What else do I love? Dr. Jack Hodgins (T.J. Thyne) and his conspiracy theories along with his ridiculous love for all things gross: bugs, dirt, even animal crap. The team would not be complete without Zack Addy (Eric Millegan) and his ability to be even more socially awkward than Brennan. Speaking of social awkwardness, Angela Montenegro (Michaela Conlin) brings exactly the opposite to the team. She is pretty, smart, and normal and makes for one of the best TV best friends out there, bringing Brennan back to earth when she gets too caught up in her world of skeletons and bones. Dr. Camille Saroyan brings a similar quality to the forensics lab using her people skills to go between “the man” (whoever that may be, whether it’s lawyers, bosses, etc.) and the squints in the lab. While I did harbor a little hate for her at first due to a certain relationship with an out of bounds agent, at this point I definitely don’t think the team would function without her.

And my favorite latest addition to the show is Dr. Lance Sweets (Freeks and Geeks alum John Francis Daley). As the psychiatrist of partners Booth and Bones, Sweets’ character gets to divulge into the psychology of their relationship while they constantly try to keep him out of the loop. Some of the best moments between the three of them are the ones when Booth and Bones completely ignore Sweets as he attempts to get them talking about their feelings. Even though everyone rips on him for looking so young (constantly driving him to list his credentials) as well as repeatedly insisting that his techniques of psychology are not crucial, Sweets has definitely proven himself. He understands the relationships of the characters and has proven to be pretty useful throughout the investigative work in the FBI. As Angela would say, he really is quite good.
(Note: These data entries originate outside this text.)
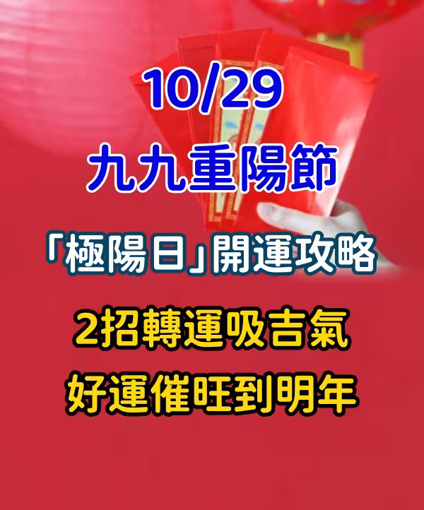 10/29九九重陽節「極陽日」開運攻略!2招轉運吸吉氣 好運催旺到明年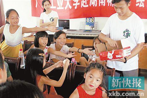 ■广工的大学生志愿者正在给孩子们发放再生皂。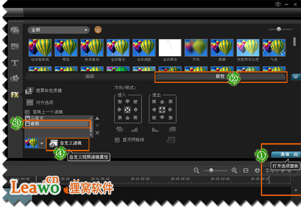如图所示,首先设置“修剪”参数。步骤:“打开选项面板”--> “属性”--> 点击选择“修剪”视频滤镜 --> 点击“自定义滤镜”按钮。

Despite the fact that Bones is one of those shows that follows a formulaic format, (Booth finds some bones where they shouldn’t be, him and Brennan work together to solve the case, tension ensues, etc.) the character relationships and interesting story lines the writers have explored throughout the several past seasons have proven to hold my attention thus far. I am pretty confident that the writers can continue to write compelling stories while delving into the character’s backgrounds and relationships in a way that will keep the audience just as entertained as the past few seasons. There are always more skeletons hidden in the closets of the characters. Personally, I can’t wait to find out the stories hidden in those bones.